Lastly, The Black Keys. Though they’ve been around for a few years, I only started getting into them recently, after the release of their latest album Brothers. It’s edgy, it’s funky, it’s different. Their music is full of different sounds: it’s bluesy, rock ‘n roll, with a twist of old school feel, packed with great melodies and even a sprinkle of country. The band consists to two guys, one on guitar, the other on drums, hailing from Ohio. My favourite track on the album, “Too Afraid to Love You” is the ongoing inner turmoil when one is faced with love and not knowing what to do with it or how to react to it. With lyrics like ‘What more can I do, without wringing myself dry/And I can’t afford to lose one more tear drop from my eye’, it’s honest and anyone can relate.                                                                                                                                                                                                                         Their live show was entertaining and loud, with more musicians on stage creating a much fuller sound than on their album, always a bonus. But compared to veterans like Soundgarden and Ben Harper, it seemed to lack somewhere – maybe they just need more experience, I mean they only lasted an hour on stage.

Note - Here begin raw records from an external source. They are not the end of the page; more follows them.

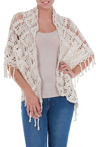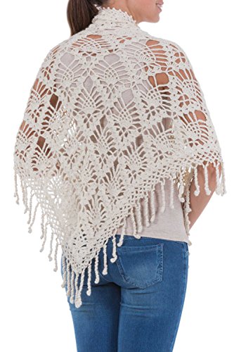About this item: Andean blossoms cover this elegant shawl by Maria Esperanza Jauregui. Crocheted by hand, their lavish beauty evokes colonial lace. She works in luxurious alpaca wool, prized since Inca times for its lightweight warmth. 34.5" L x 60.0" W - Textile softness: Soft -- this item has been made with natural fibers that are soft to the touch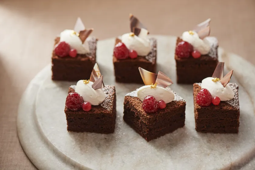 今回のタイアップメニュー『ショコラスクエア』は、お菓子作り初心者でも、楽しみながらおいしく作れる、かわいい手のひらサイズのチョコレートケーキです。レッスンでは、「明治ミルクチョコレート」をふんだんに使ったしっとりとしたスポンジ生地に、フランボワーズジャムを挟んで重ねたケーキに、キメ細やかに泡立てた生クリーム・フランボワーズ・レッドカラント・金箔をトッピングして仕上げます。作ったケーキは、1人4個お持ち帰り。レッスンで手作りを存分に楽しんだあと、作ったケーキを持って、大切な方に会いに行くのはいかがでしょうか?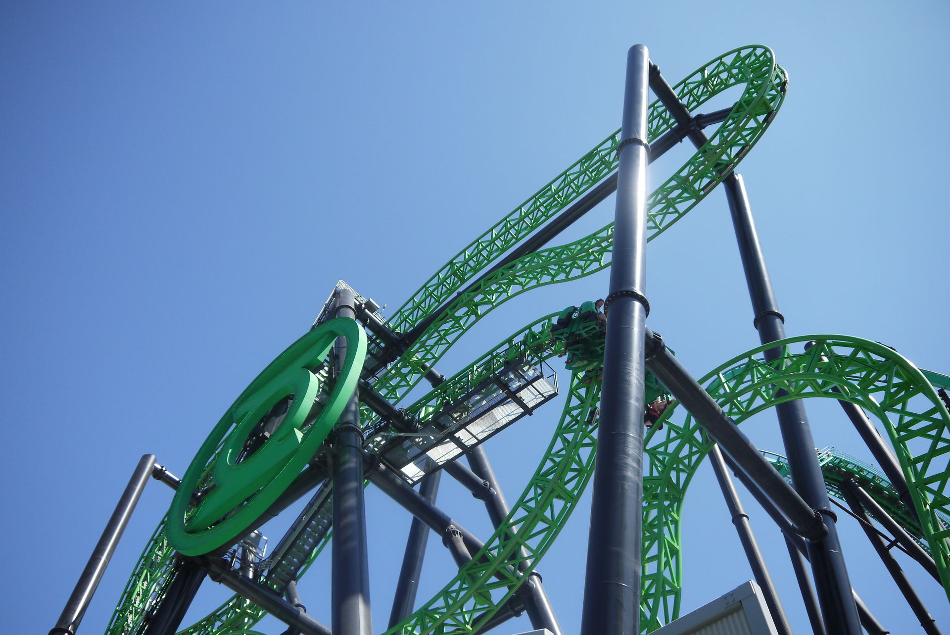 Spinning Coaster „Green Lantern“. Nach einigen “Delays“ waren wir nach knapp 50 Minuten endlich dran. Die Sitze sind nichts für kleine Leute. Ich mit meinen 164cm musste regelrecht in den Sitz klettern, um Platz zu nehmen. Sicher im Sitz ging es los. Da ich noch nie in einem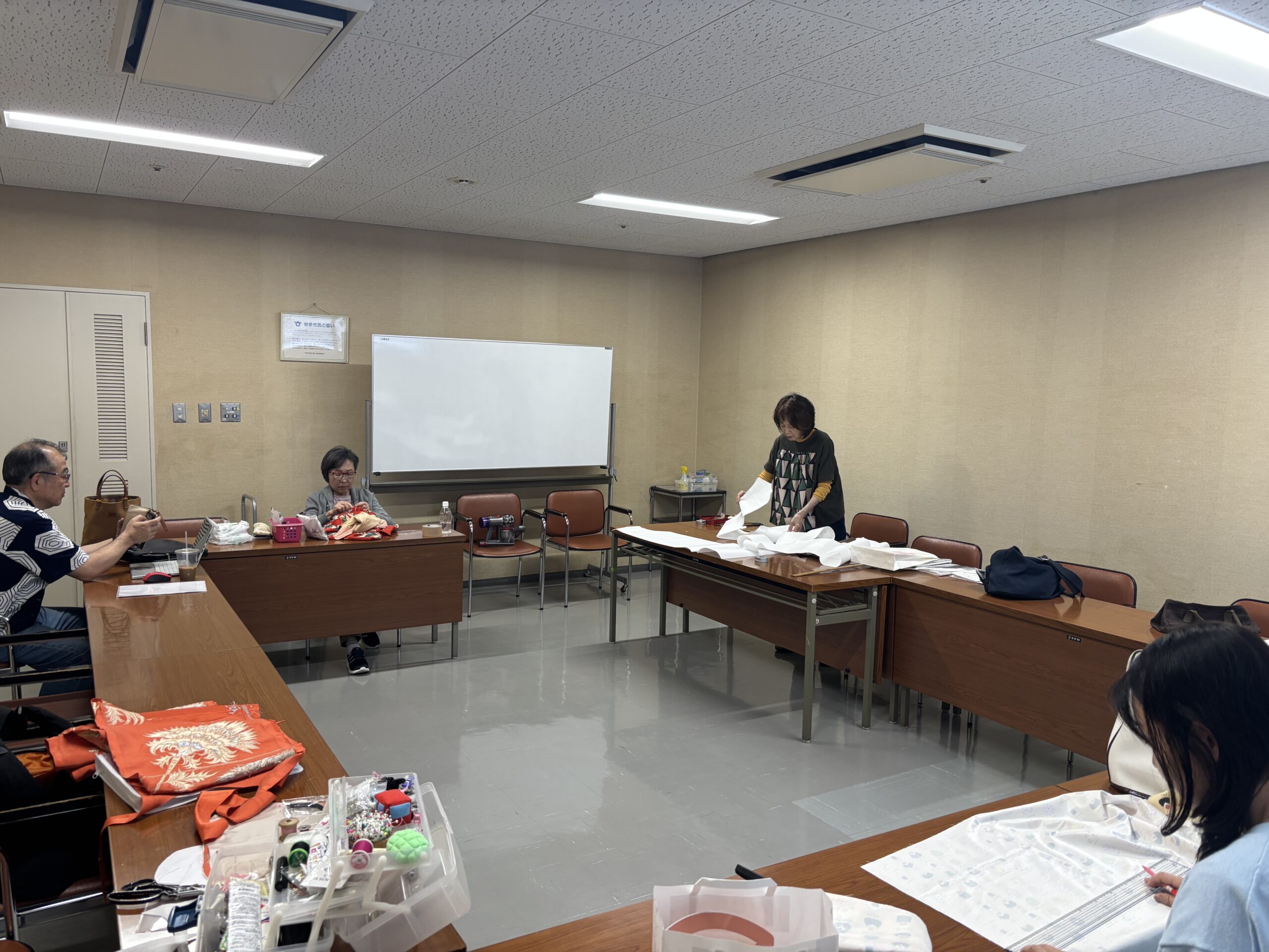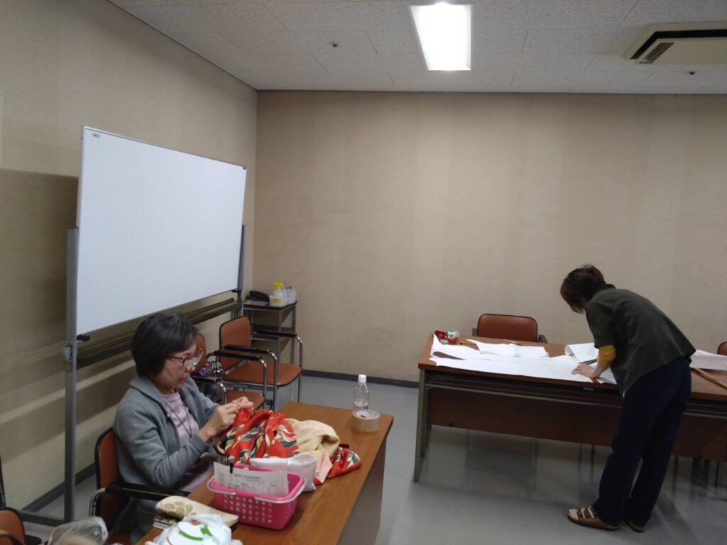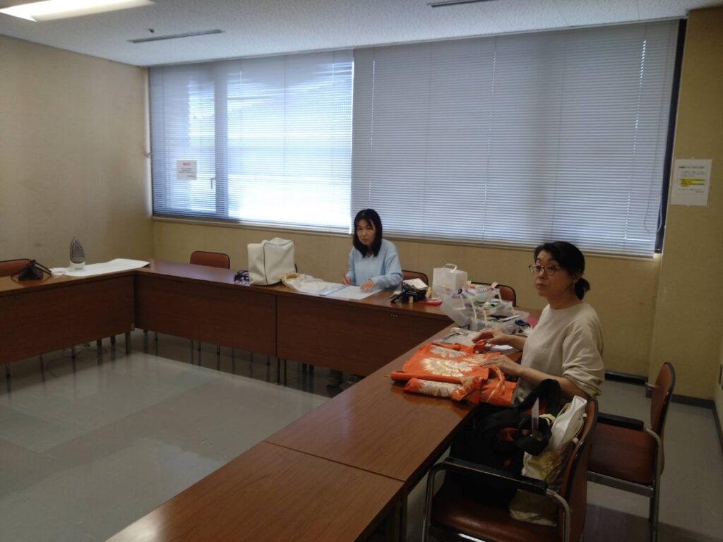 Kさんは引き続き羽織のリメイク。見返しと裏地を裁断しました。Iさんは、なんと、エコバッグのオーダーがまた入り、3つ目を作っていました。エコバッグのスペシャリストになりそうな勢いです。Hさんは帯を裁断してがまぐちバッグを作る準備です。今回もお喋りをしながら手を動かして、楽しい時間を過ごしました😀

It’s safe to say that this album put these guys on the map, brought them above the radar. But it’s hard to say how long they’ll stay there. They have the talent to take them anywhere they want to go, but only time will tell what the future holds.

Music has the ability to stamp a perfect moment in time, you can’t have one without the other, like they go hand in hand. Some music has the ability to transcend time and consistently be present during important junctures to provide the appropriate soundtrack. Other music is designed for a certain time and a certain place, where it stands its tallest. People evolve with time, music evolves with time, tastes in music evolve with time. It’s inevitable. But what all great music should do is be influential enough to remind you of a time, be it past, present or future.